Die drei Initiatoren nehmen für sich in Anspruch, weder rassistisch noch rechtsextrem zu sein. Sie führen allerlei Scheinbegründungen aus, um dieses kreierte Image aufrechtzuerhalten. Doch allzuoft kommt der eigentliche Zweck des Bürgerentscheids zum Vorschein, wenn die Maske fällt und sie beispielsweise Interviews in rechtsextremistischen Medien geben (siehe Screenshot rechts) oder im Internet niederste Stimmungsmache gegen Migrant*innen betreiben.
Daher ist es so wichtig, mit einem „Ja“ ein deutliches Zeichen zu setzen, dass wir als Zivilgesellschaft einer weltoffenen, gastfreundlichen und solidarischen Universitäts- und Hansestadt auf das Manöver der Initiatoren nicht hereinfallen!
15: Spalten Greifswald für alle und die Ja-Kampagne die Gesellschaft?

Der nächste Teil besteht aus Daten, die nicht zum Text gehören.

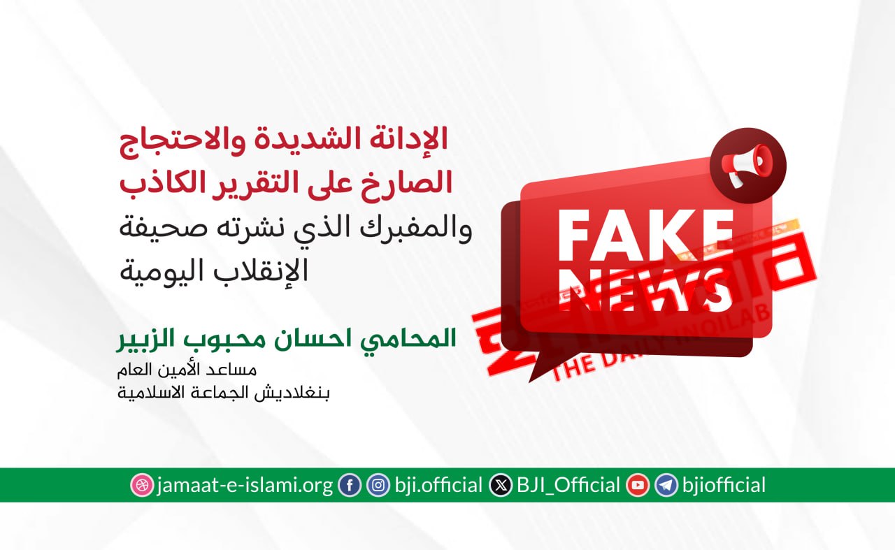 أصدر مساعد الأمين العام للجماعة الإسلامية في بنغلاديش ورئيس دائرة الإعلام والدعاية المركزية، المحامي إحسان الحق محبوب زبير، اليوم الاثنين 16 سبتمبر، بيانا شديد اللهجة استنكر فيه التقرير الباطل الذي نشرته صحيفة الإنقلاب في صدر صفحتها الأولى تحت عنوان الجماعة تنزل إلى الميدان بأجندة هندية، واعتبره محض افتراء مردود، وتلفيق رخيص مسيس، لا غرض له سوى النيل من الحقيقة وتشويه المواقف الوطنية
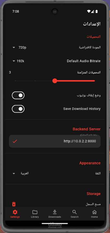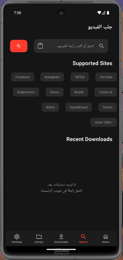 استقبال الروابط من التطبيقات الأخرى: دعم مشاركة الروابط (مثل يوتيوب) للتحميل أو التشغيل الفوري
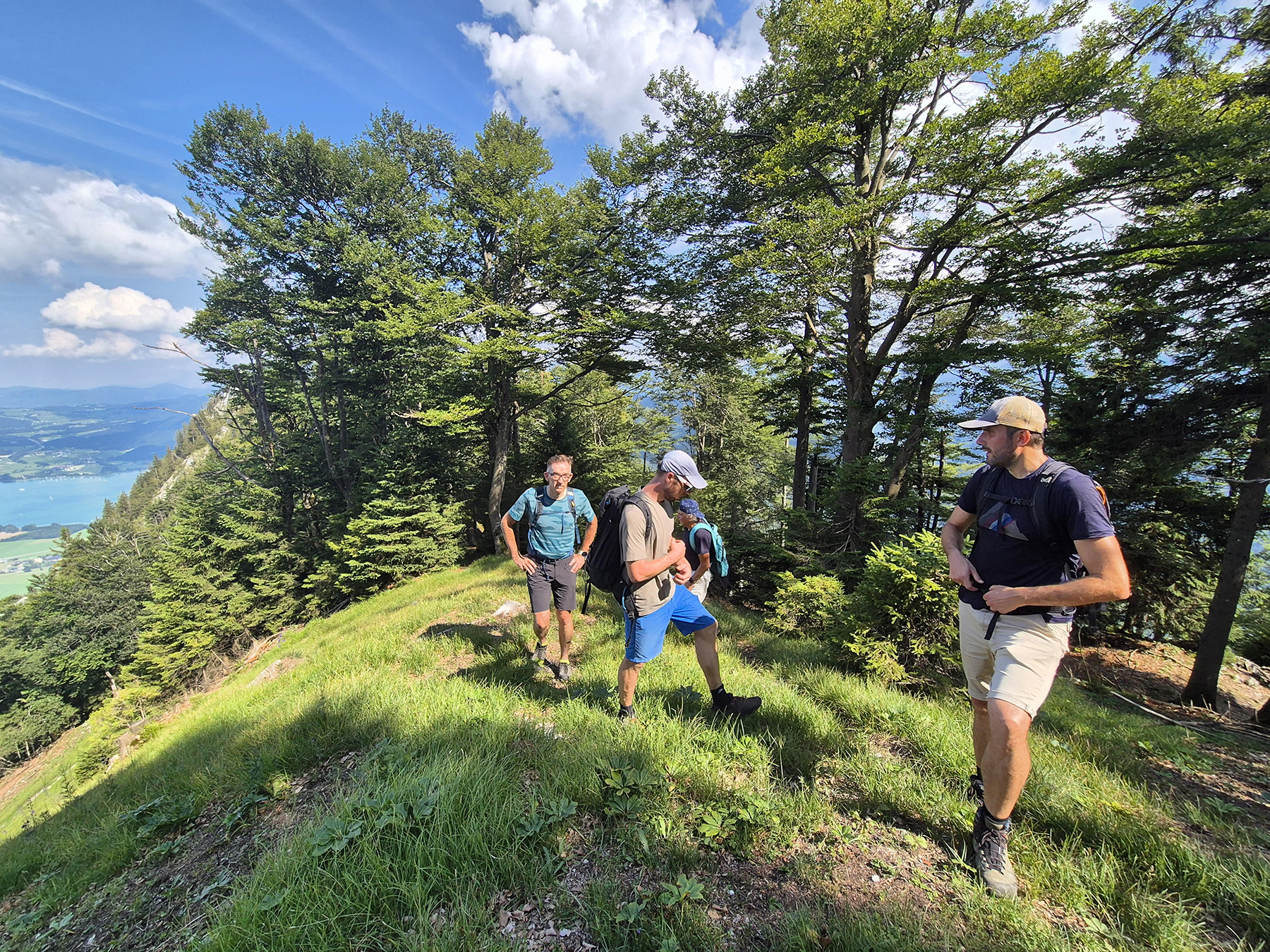 Die 4,5 km lange Tour geht zunächst sanft ansteigend durch den Wald, wobei die Wegfindung das größte Problem darstellt. Nach einem steileren Zwischenteil kommen uns die Schwatzwand und der Grat zum Schober immer näher. Nach leichter Kletterei, rund 500hm und viel Schweiß, dank der schwül warmen Wetterbedingungen, erreichen wir den Schober Gipfel. Frisch gestärkt geht’s zurück zum Parkplatz, wo uns Martin dankenswerterweise mit kühlem Bier versorgt.
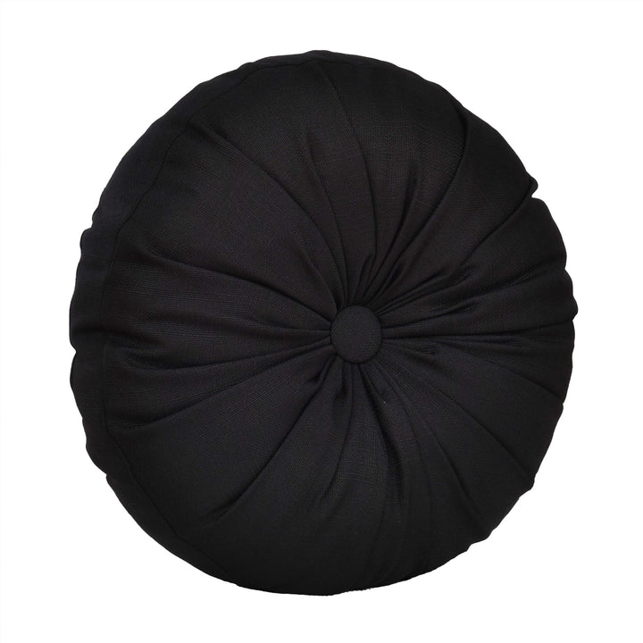 The calabria hand-crafted tufted round pillow uses an elegant black fabric to create a luxurious accent to the ensemble. Completely pleated all the way around with a large button accent which gives the pillow a truly unique artisan appeal.
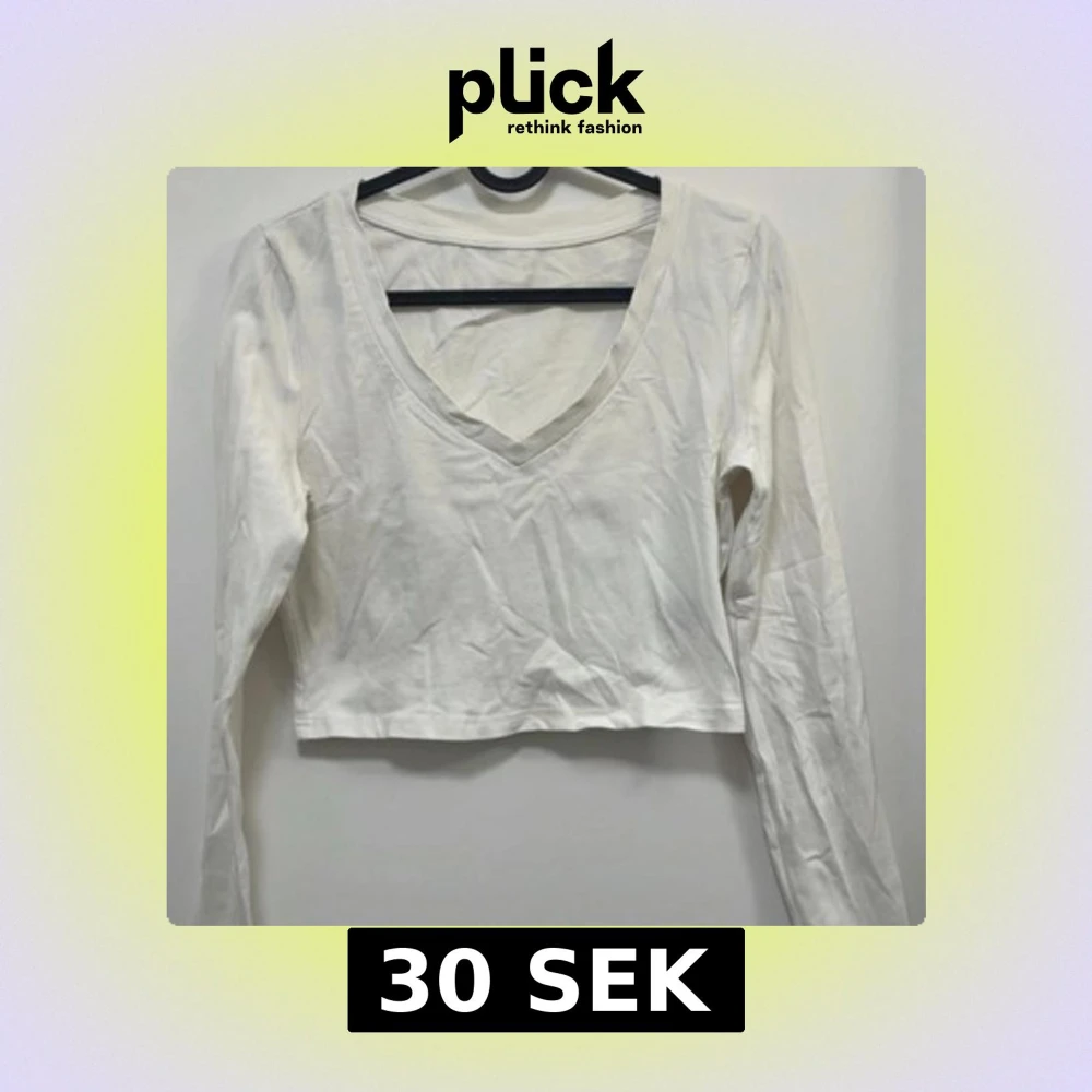 Säljer en enkel och stilren vit croppad topp med lång ärm och djup v-ringning. Perfekt att matcha med jeans eller kjol för en clean look. Toppen är i mjuk bomull och passar till många olika outfits.

Natürlich nicht. Eine Spaltung der Gesellschaft wird durch die Veröffentlichungen und Aktionen von GfA und der überparteilichen Ja-Kampagne nicht erzeugt, denn unterschiedliche Haltungen zu allen politischen Fragen sind jeder Gesellschaft stets inhärent. Wer aber von „Spaltung“ spricht, trägt vielmehr ein antidemokratisches Gesellschaftsbild in sich, bei dem es einen angeblich einheitlichen „Volkskörper“ gebe, der lediglich von inneren oder äußeren Feinden des Volks entzweit würde. Der Weg zu faschistoiden Vorstellungen ist dann nicht mehr weit. GfA hingegen steht für Demokratie, Weltoffenheit und Menschenrechte – und für gelebte Debattenkultur, die rechten Positionen keine Bühne geben will, damit wir auch weiterhin in einer weltoffenen Demokratie, die die Menschenrechte wahrt, leben können.